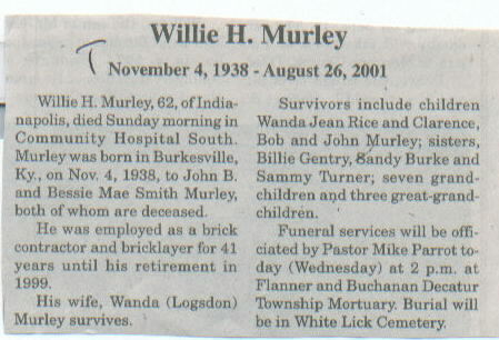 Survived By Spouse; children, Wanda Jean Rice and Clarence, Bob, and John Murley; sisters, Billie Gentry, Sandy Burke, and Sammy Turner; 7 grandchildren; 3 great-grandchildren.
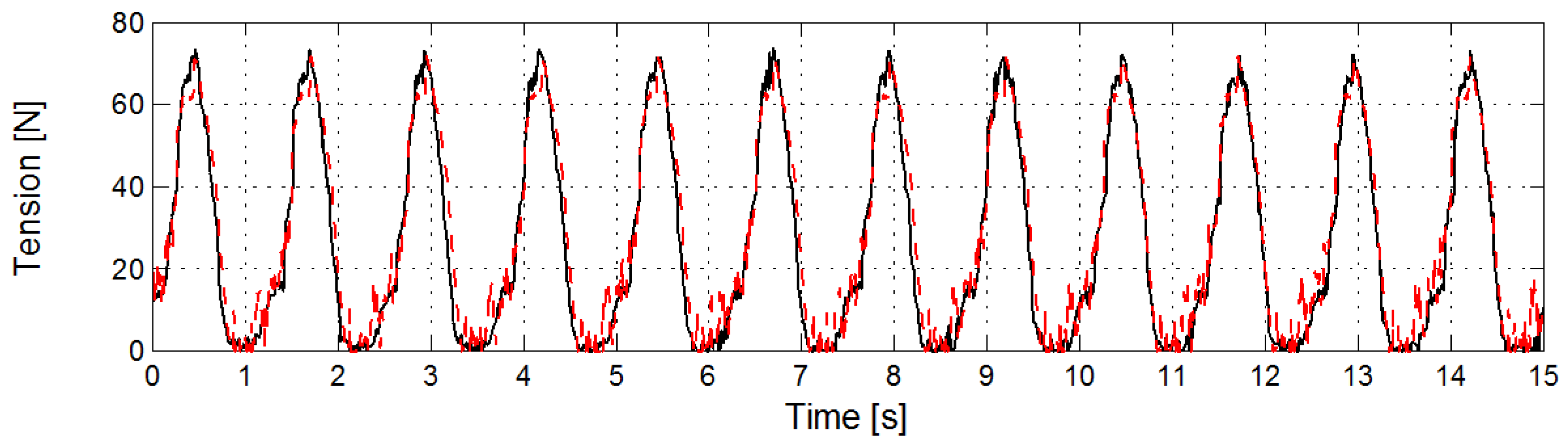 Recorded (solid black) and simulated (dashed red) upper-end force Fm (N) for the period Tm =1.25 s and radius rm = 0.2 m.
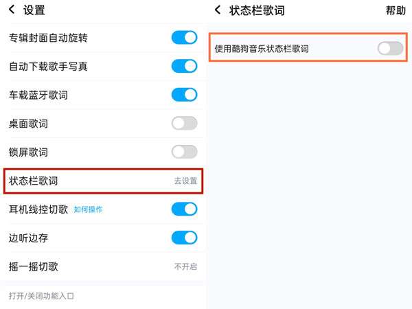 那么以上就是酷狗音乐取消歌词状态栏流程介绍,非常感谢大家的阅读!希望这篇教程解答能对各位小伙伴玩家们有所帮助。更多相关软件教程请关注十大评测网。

**PROBLEM REQUIREMENTS:**
Reproduce exactly the lines from the one with "Recorded (solid black)" to the bottom of the listing, both ends included, and nothing else. Skip the pictures.

**SOLUTION TO THE EXERCISE:**
 Recorded (solid black) and simulated (dashed red) upper-end force Fm (N) for the period Tm =1.25 s and radius rm = 0.2 m.
 那么以上就是酷狗音乐取消歌词状态栏流程介绍,非常感谢大家的阅读!希望这篇教程解答能对各位小伙伴玩家们有所帮助。更多相关软件教程请关注十大评测网。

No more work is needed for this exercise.